新型コロナで大きな打撃を受けたのがブライダル業界です。16日、リクルートなどが発表したデータで、5月までの1年間の業界全体の損失は約1兆円。20年度、結婚式を延期したカップルは27万組に上ったことが分かりました。しかし、今年に入ってから回復の兆しも見え始めています。今年は結婚する人の数が昨年よりも11.7%増えるという予測データもあります。この回復の兆しを捉えて、新たなビジネスが生まれていました。

東京・渋谷区にある結婚式場「ラグナヴェール アトリエ」。運営しているのは、全国で34の結婚式場を運営する「エスクリ」です。2020年度はキャンセルや延期が相次ぎ、売り上げは6割減少。しかし、今年4月ごろから予約が増え始めたといいます。

特にコロナ禍で始めた結婚式の様子をライブ配信する新サービス「アニクリLive」が好評です。視聴する人は、新郎新婦にリアルタイムでテキストでメッセージを送ることができます。さらに参列できなかった人が、ウェブ上でご祝儀を渡すツール「アニクリWEBご祝儀」も自社開発しました。エスクリは22年3月期業績予想では黒字化を見込んでいます。

「(結婚式を延期した人が)ワクチンの普及が進めば結婚式ができると式場を探し始めているので、コロナ禍で生まれた新しい結婚式の価値をプラスし、良いとこ取りをした結婚式を広めていきたい」(エスクリの担当者)

コロナ禍で小規模の結婚式場にも人気が集まっています。東京・表参道のビルに入っていたのは、30人ほどが参列できる小さなチャペル。披露宴は行わず、挙式のみを行う式場です。基本料金は6万7000円。この中に衣装、ヘアメーク、写真(1カット)や挙式に関連する音響、照明、司会などの費用が全てが含まれています。

こうした小規模の式場を全国24ヵ所で運営するのが「レック」です。2021年5月までの1年間で、挙式のみを行ったカップルは5474組と1年前と比べて15%増えました。

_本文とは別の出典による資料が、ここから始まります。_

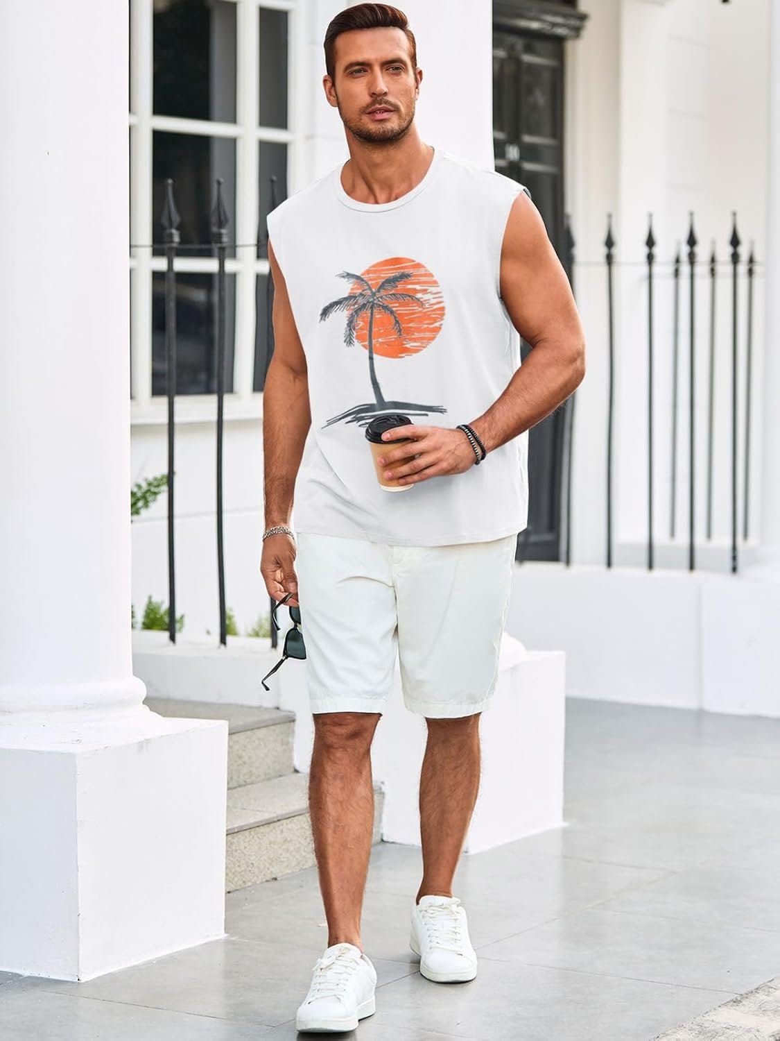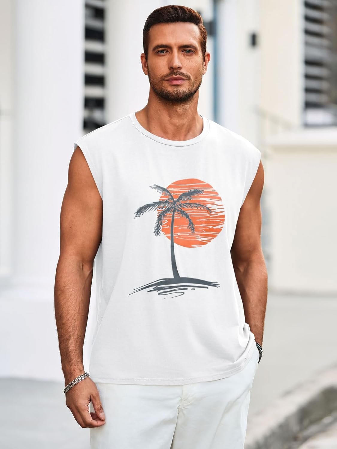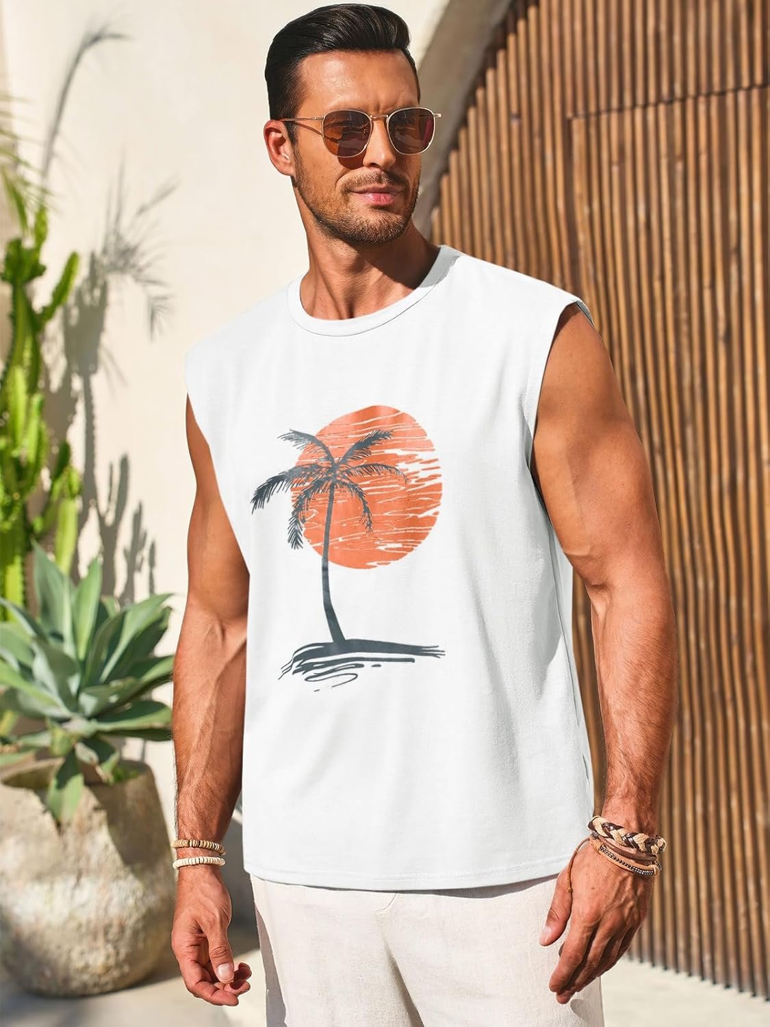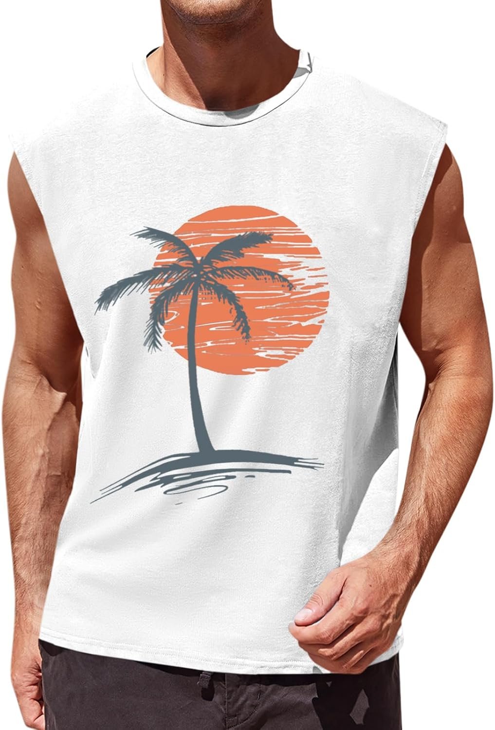 Runcati Mens Sleeveless Tank Tops Workout Gym Muscle Shirts Palm Tree Vintage Hawaiian Summer Beach T Shirts
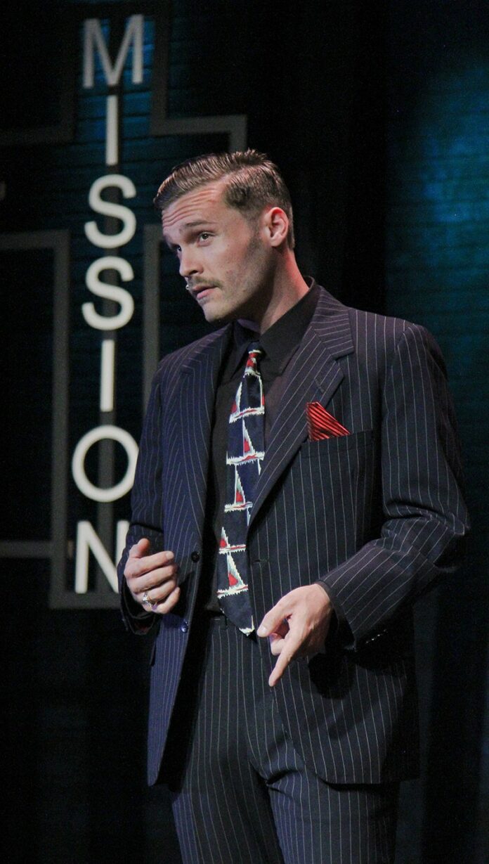 Nathan Detroit (Ariel Zuckerman) runs the “oldest, established, permanent floating crap game in New York,” but police pressure is making it difficult to find places to house it. The only willing host wants a thousand bucks, which Nathan ain’t got. When word gets out that big-time gambler Sky Masterson (Ezra Hernandez) is in town, Nathan figures he can finance his game by getting him to make a sucker-bet that Nathan can’t lose. Nathan bets Sky he’ll be unable to get Sarah Brown (Elenor Paul), the leader of the newly opened Save-a-Soul Mission, to go away with him for an evening.

そしてもう一つ、コロナ禍で利用者が増えたのが「フォトウエディング」。結婚アルバムのサービスです。結婚式をしない代わりに、記念の写真を撮りたいというニーズが急増。この1年間の売り上げは19億5400万円と、前年の2.1倍となりました。

「コロナの影響で結婚式をやりたいけれどできなかったお客様に対して、小規模な式や写真など新しい価値もどんどん伸ばしていきたい」(レックの担当者)

※このページの掲載内容は、更新当時の情報です。